The Nicaraguan Sign Language (NSL) emerged in the late 1970s, at a new school for deaf children. Initially the children were instructed by teachers who could hear. No one taught them how to sign; they simply worked it out for themselves. By conducting experiments on people who attended the school at various points in its history, Dr. Senghas has shown how NSL has become more sophisticated over time. For example, concepts that an older signer uses a single sign for, such as rolling and falling, have been unpacked into separate signs by youngsters.

Early users, too, did not develop a way of distinguishing left from right. Dr. Senghas showed this by asking signers of different ages to converse about a set of photographs that each could see. One signer had to pick a photograph and describe it. The other had to guess which photograph was being described.

When all the photographs contained the same elements, merely arranged differently, older people, who had learned the early form. of the language, could neither signal which photo they meant, nor understand the signals of their younger partners. Nor could their younger partners teach them the signs that indicate left and right. The older people clearly understood the concept of left and right, they just could not converse about it a result that bears on the vexing question of how much language merely reflects the way the brain thinks about the world, and how much it actually shapes such thinking.

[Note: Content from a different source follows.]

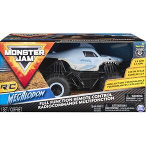 Monster Jam, Monster Truck de controle remoto oficial Megalodon, escala 1:24, 2,4 GHz, para crianças a partir de 4 anos - Megalodon oficial: seu Megalodon em escala 1:24 é um caminhão Monster Jam oficial! Ele vem completo com pneus BKT patrocinadores oficiais e um chassi parecido fazendo seu caminhão monstro parecer real! - Pronto para rolar: este caminhão monstro RC totalmente funcional possui um controlador de joystick duplo com frequência de 2,4 GHz que oferece um alcance de até 76 metros e permite que você corra até 6 caminhões por vez! - Caminhões RC REALISTAS: os caminhões Monster Jam têm poder, atitude, emoção e ação! Eles apresentam gráficos autênticos, pneus grandes e detalhes altamente realistas. Para meninos e meninas a partir de 4 anos. - Presente da lista de desejos: nossos brinquedos monster trucks são um presente perfeito de feriado ou aniversário para meninos e meninas a partir de 4 anos. As crianças vão adorar a diversão de alta octanagem de sua própria réplica realista de monster truck - Inclui: 1 x Monster Truck, 1 x controlador, 1 x manual de instruções (sem garantia de versão em português)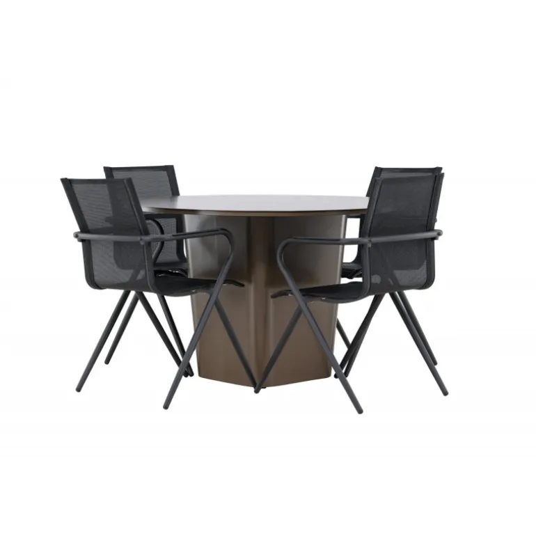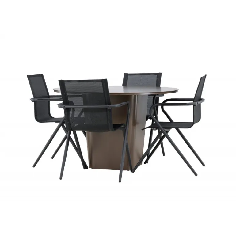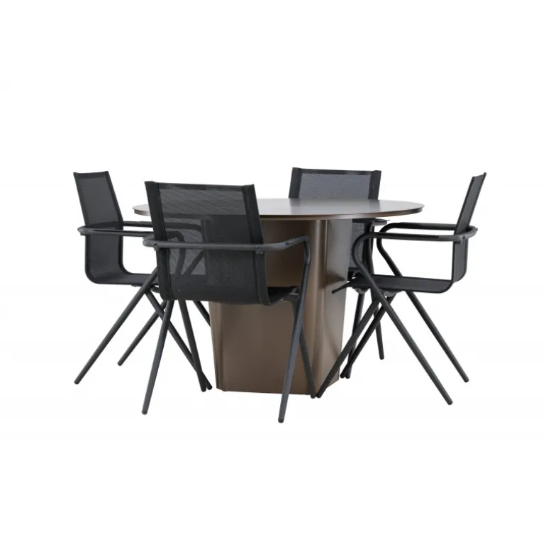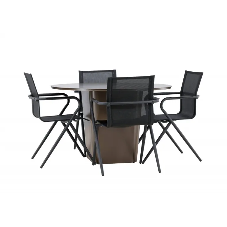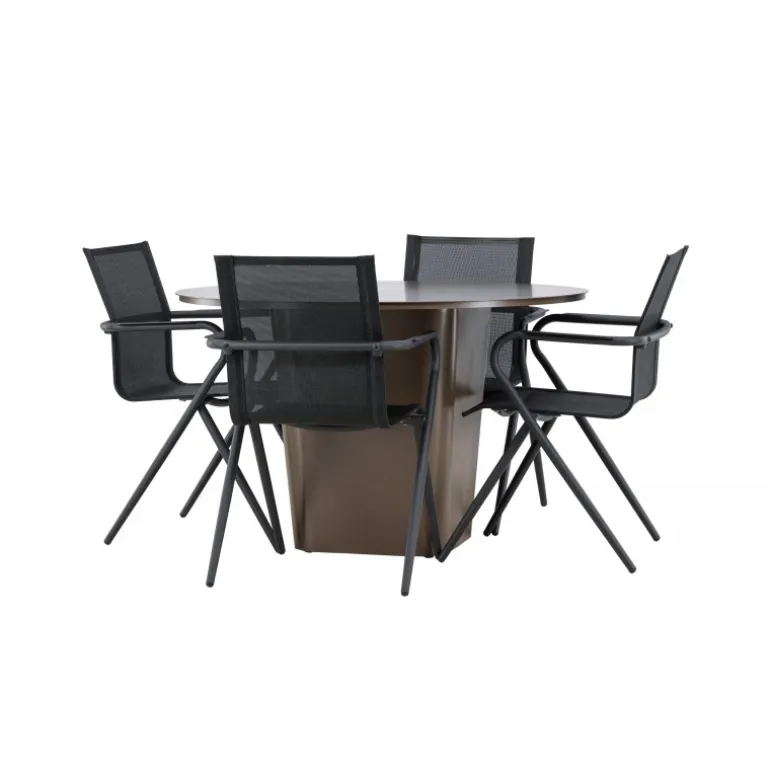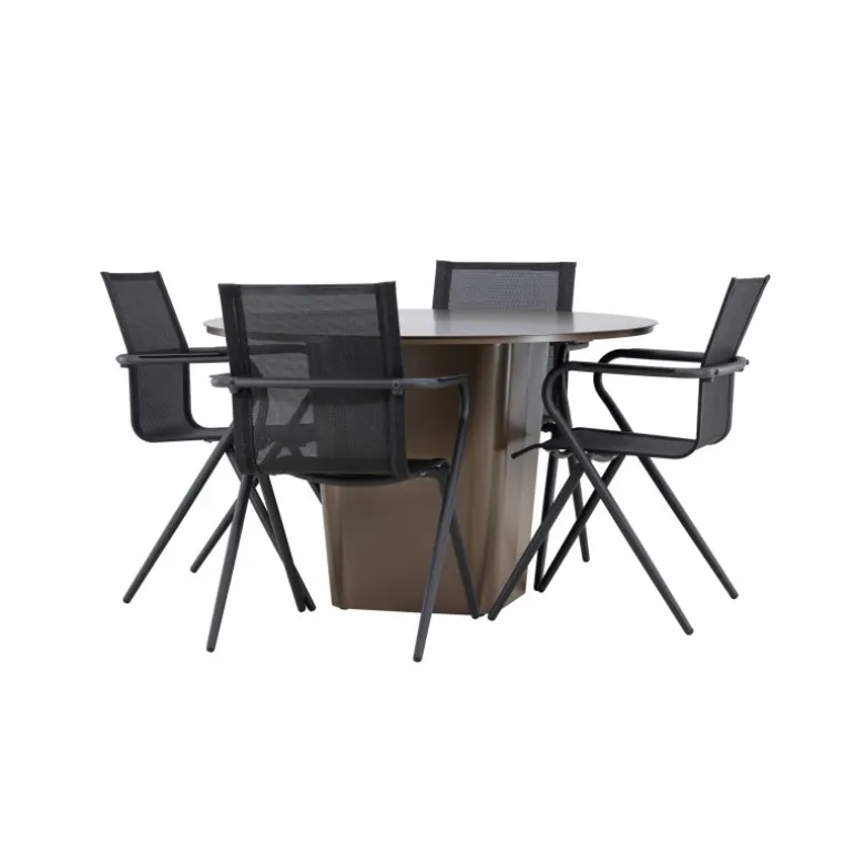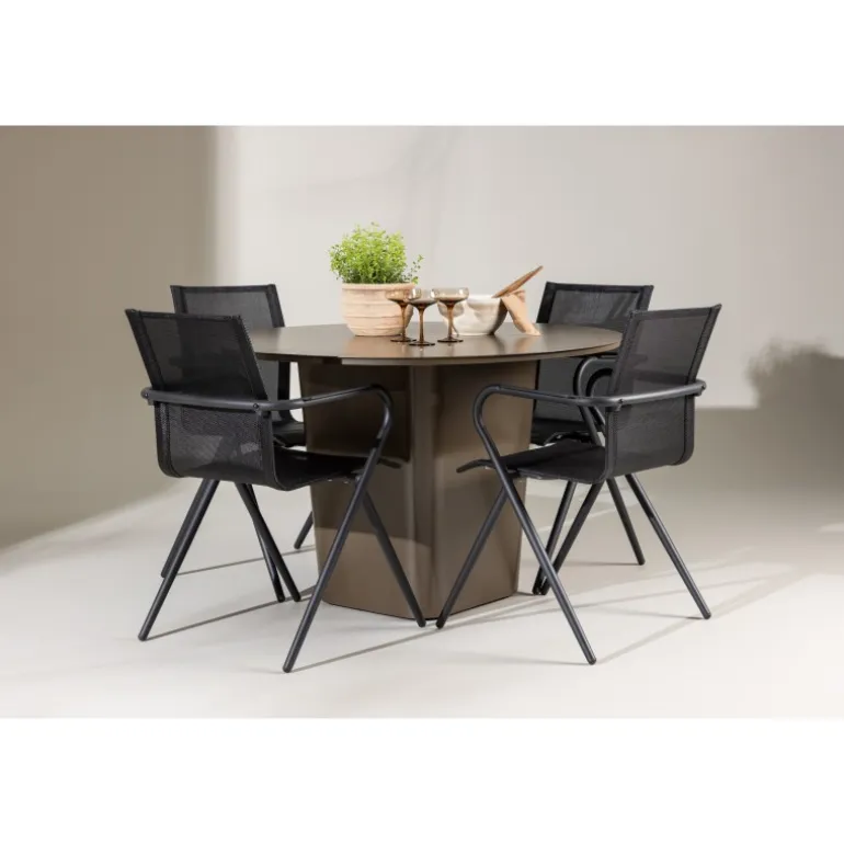 - Elegant design: Santa-bordet i brun aluminium og Alina-stolene i sort aluminium tilføjer klasse til dit udendørsområde.

For a sign language to emerge spontaneously, though, deaf children must have some inherent tendency to tie gestures to meaning. Spoken language, of course, is frequently accompanied by gestures. But, as a young researcher, Dr. Goldin-Meadow suspected that deaf children use gestures differently from those who can hear. In a 30-year-long project carried out on deaf children in America and Taiwan, whose parents can hear normally, she has shown that this is true.

Even deaf children who have no deaf acquaintances use signs as words. The order the signs come in is important. It is also different from the order of words in either English or Chinese. But it is the same, for a given set of signs and meanings, in both America and Taiwan.

Curiously enough, the signs produced by children in Spain and Turkey, whom Dr. Goldin-Meadow is also studying, while similar to each other, differ from those that American and Taiwanese children produce. Dr. Goldin-Meadow is not certain why that is. However, the key commonality is that their spontaneously created languages resemble fully-formed languages.

The Nicaragua Sign Language is__________.

A.a non-verbal language created by deaf children.

B.an artificial language used by people in Nicaragua.

C.a language invented by teachers who teach the deaf.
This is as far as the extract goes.